∫ from 0 to 1 of 1/sqrt(4-x^2) dx
I know from Wolfram Alpha that the answer should be π/6, and that the indefinite integral would be arcsin(x/2).
I see the connection between this and the antiderivative of arcsin, I'm just not sure how to handle the 4 rather than the 1--which technique to use.
∫ 1/sqrt(1-x^2)dx is arcsin x
The Attempt at a Solution
Tried a few ways.
1st attempt was to rewrite as ∫ (4-x^2)^(-1/2)dx then reverse the power and chain rules to get sqrt(4-x^2)/2x from 0 to 1=sqrt(3)/2. Knew this was incorrect but trying to get my thoughts flowing.

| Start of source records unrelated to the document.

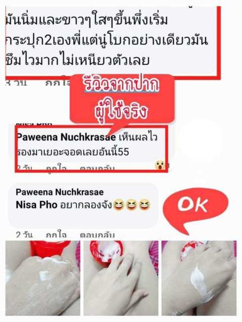 แนะนำทดสอบการแพ้ก่อนใช้จริง โดยทาบริเวณท้องแขน/หลังใบหู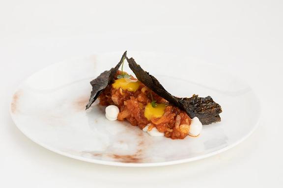 Tapa creativa | Peixe Aliñado con salsa de ajipanca, xenxibre e soia e base de emulsión de San Simón e cítricos nori con mel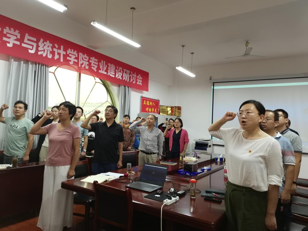 主题党日活动按照“回顾初心、党性教育、民主议事、实践锻炼”四个板块要求进行,全体党员首先在学院会议室集中进行奏唱国歌、重温入党誓词两项议程。议程由信息与计算科学系教师党支部书记唐波主持,数学与应用数学系教师党支部书记杨艳领誓。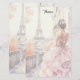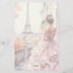 Femme debout près d'une fenêtre regardant la Tour Eiffel. Nom personnalisable.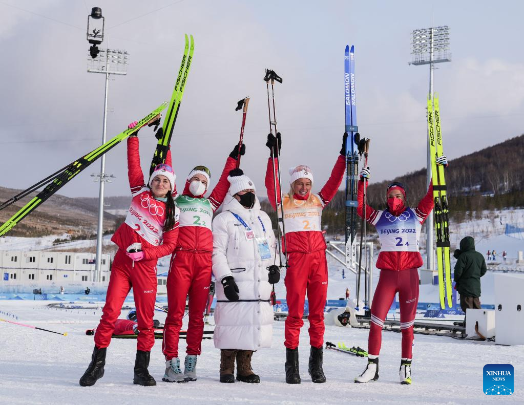 Yulia Stupak, Natalia Nepryaeva, Tatiana Sorina and Veronika Stepanova of ROC (L to R) pose for photos after the cross-country skiing women's 4 x 5km relay at National Cross-Country Skiing Centre in Zhangjiakou, North China's Hebei Province, Feb. 12, 2022. (Xinhua/Liu Chan)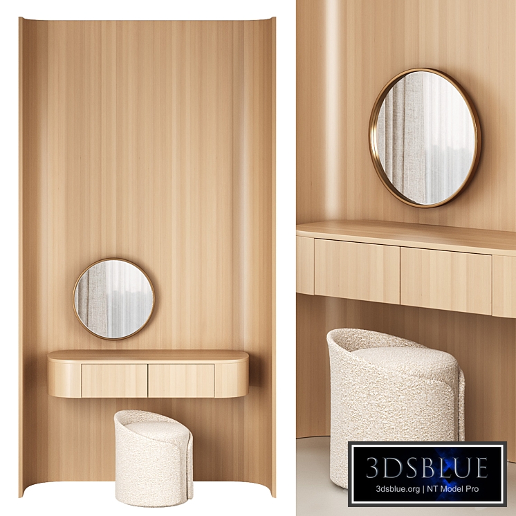 Modern dressing table with mirror table size 1200*450mm Pouf with back 450mm*450mm*490mm https://charmydecor.com/products/white-round-lamb-wool-vanity-stool-with-backrest-rotatable-chassis?variant=44039678427351 Render: Corona (9) CoronaLegacyMtl materials may not display correctly in very old versions of the engine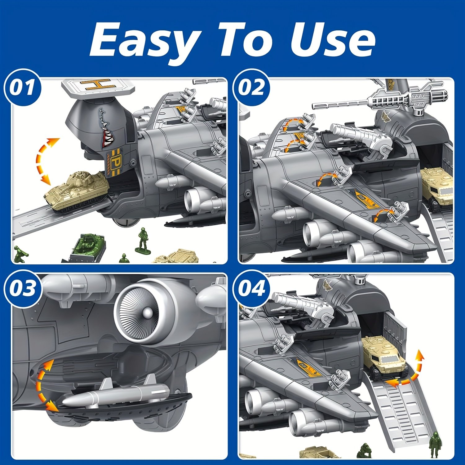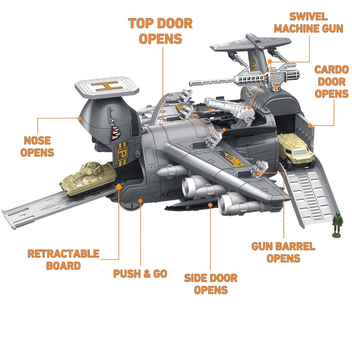 • Complete Play Experience: A giant transport plane comes loaded with a group of brave soldiers, three fast mini-cars, and an additional vehicle to form a complete adventure fleet ready to launch at any moment.

2nd attempt was with integration by parts, with u=1/sqrt(4-x^2) and dv=dx...etc. This one ended up pretty ugly though, as vdu was worse than the original equation.

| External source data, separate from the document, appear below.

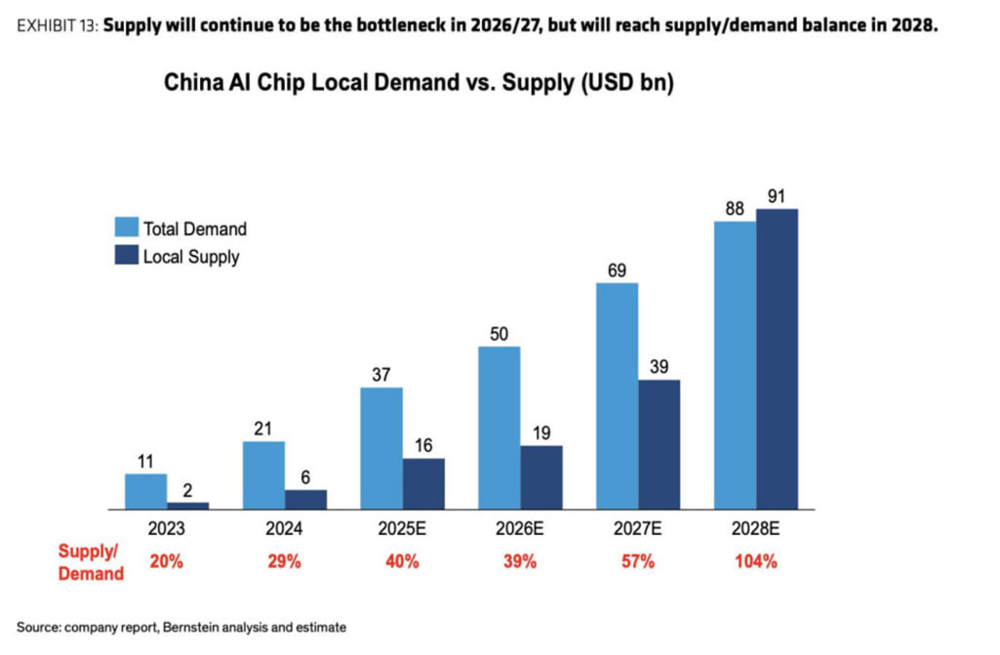 据海外投行伯恩斯坦的《中国AI芯片市场规模报告》显示,2025年中国AI芯片市场中,英伟达和华为占比差不多都是40%(英伟达稍稍领先),寒武纪、海光、阿里平头哥、百度昆仑芯等紧随其后。2026年,华为预计将占据中国AI芯片市场近50%的份额。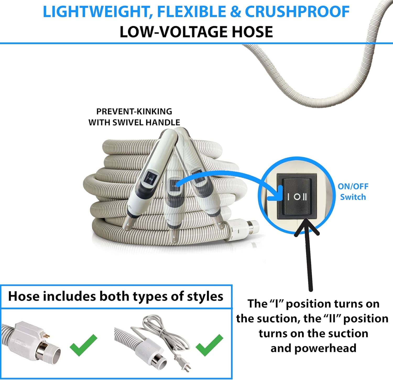 - POWER NOZZLE HOSE KIT: Comes complete with the central vacuum unit, and 30 foot hose tool and power nozzle hose kit. It is a common practice today for home builders to add the central vacuum piping to the home but that is it. Then all you have to do is attach the central vacuum unit and plug in your power nozzle hose kit. This has both of those so if your home already has the tubing installed this is all you need.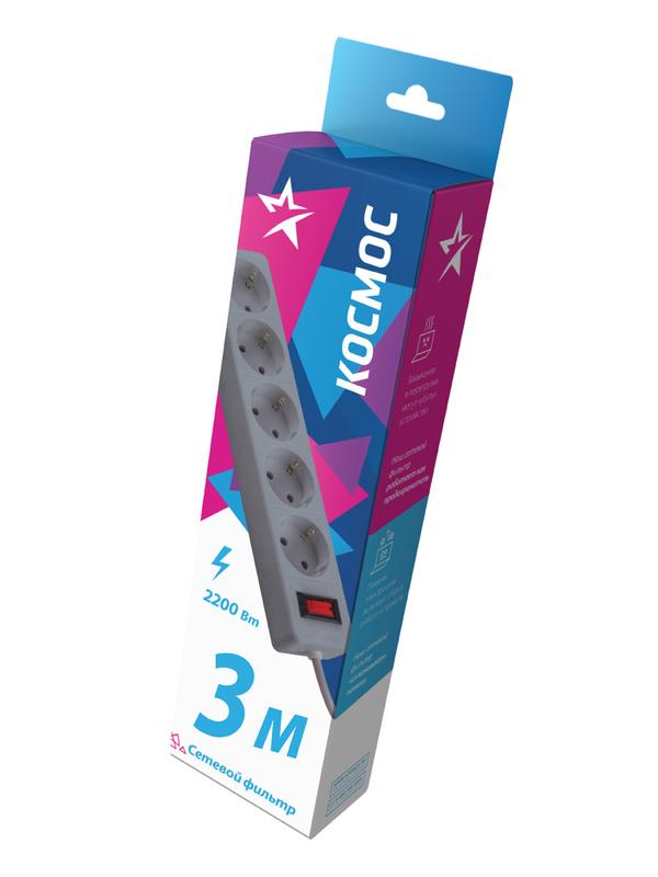 Серый сетевой фильтр 3м на 5 гнезд с двумя защитами для гаджетов и дорогой техники – варистор для защиты от «плохого» тока и терморазмыкатель для защиты от перегрузки и замыкания в сети. Сзади специальное крепление – можно повесить на стену. Корпус из негорючего полипропилена, 100% медный кабель ПВС 3х0,75мм (с заземлением). Контактная группа из латуни не деформируется со временем. Максимальная мощность подключения 2200Вт – хватит для нескольких устройств одновременно. 5 лет гарантии

3rd attempt was with u-substitution; this one looked like it was going to work then took a bad turn. Let u=4-x^2, produces ∫ from 4 to 3 1/sqrt(u) --> -sqrt(u) from 4 to 3, then plugging back the 4-x^2 ended up undefined.
I was thinking of partial fractions but the sqrt throws me off. I'm studying for a placement exam and this is a question from a past exam in the class.
Thanks to everyone very much for your help!